Un fermier afrikaner et un journalier noir se rencontrent sur une route (allégorie de l'histoire dans laquelle leurs peuples se trouvent engagés côte à côte, quoique se dirigeant dans des sens opposés...) et entament un dialogue de sourds où, de l'incompréhension mutuelle, de la manipulation idéologique et du terrorisme psychologique que pratique le blanc, de l'hypocrisie de sa "langue fourchue" et du mensonge omniprésent dans son discours, va peu à peu se développer une formidable violence dont le point culminant sera atteint après la découverte que le blanc a pour maîtresse la propre femme du noir.

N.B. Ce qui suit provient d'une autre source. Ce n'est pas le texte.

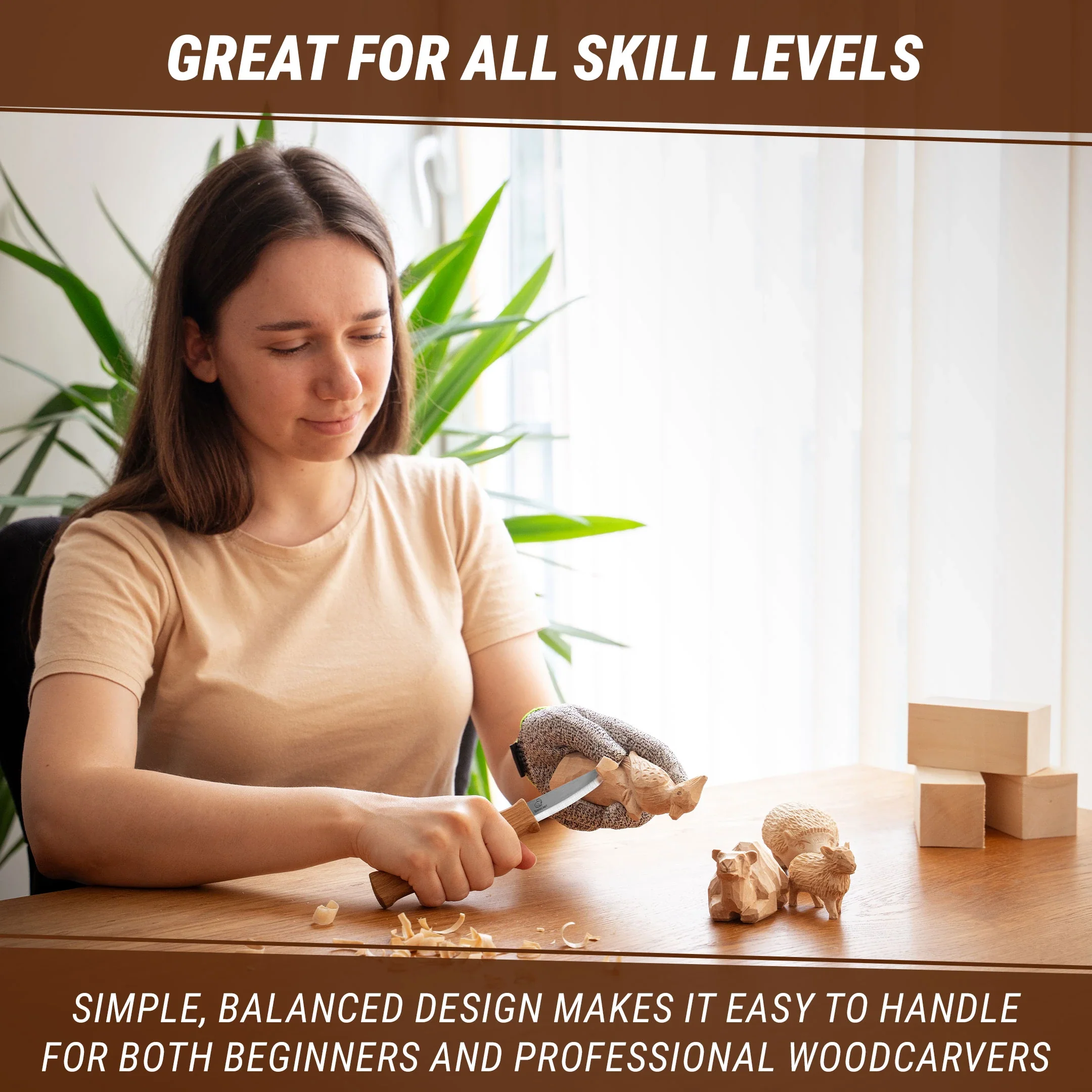 Das Schnitzmesser C4 eignet sich hervorragend zum Schneiden und Schruppen von Holz. Das Messer verfügt über eine gerade Klinge mit einer abgerundeten, haltbaren Spitze für eine stärkere Materialabtragung. Sie können weiches und hartes Holz schneiden. Mit diesem Sloyd-Messer können Löffel, Schaufeln, Spazierstöcke, Schleudern und mehr ausschneiden.

Un texte étrangement cruel qui, au-delà de son premier abord naïf, met en scène une véritable allégorie de l'Apartheid en Afrique du Sud.
A travers un travail linguistique et poétique très riche mettant en relief l'incommunicabilité, l'ambiguïté du langage, sa faculté de travestissement de la réalité, se dessine de façon terrifiante la folie ordinaire qui peut naître entre deux êtres, et au-delà, toute la folie que peut engendrer un système totalitaire d'exclusion qui, par la manipulation du langage et de la réalité historique, par la violence et l'abus de pouvoir, finit par déposséder les êtres humains de leurs biens les plus précieux et de leur humanité.
Un pièce très intéressante, qui rejoint le jeu de rôles enfantin ou la farce moyenâgeuse : grâce à des échanges aussi puérils qu'absurdes, tout est symbolique et destiné à faire office de catharsis.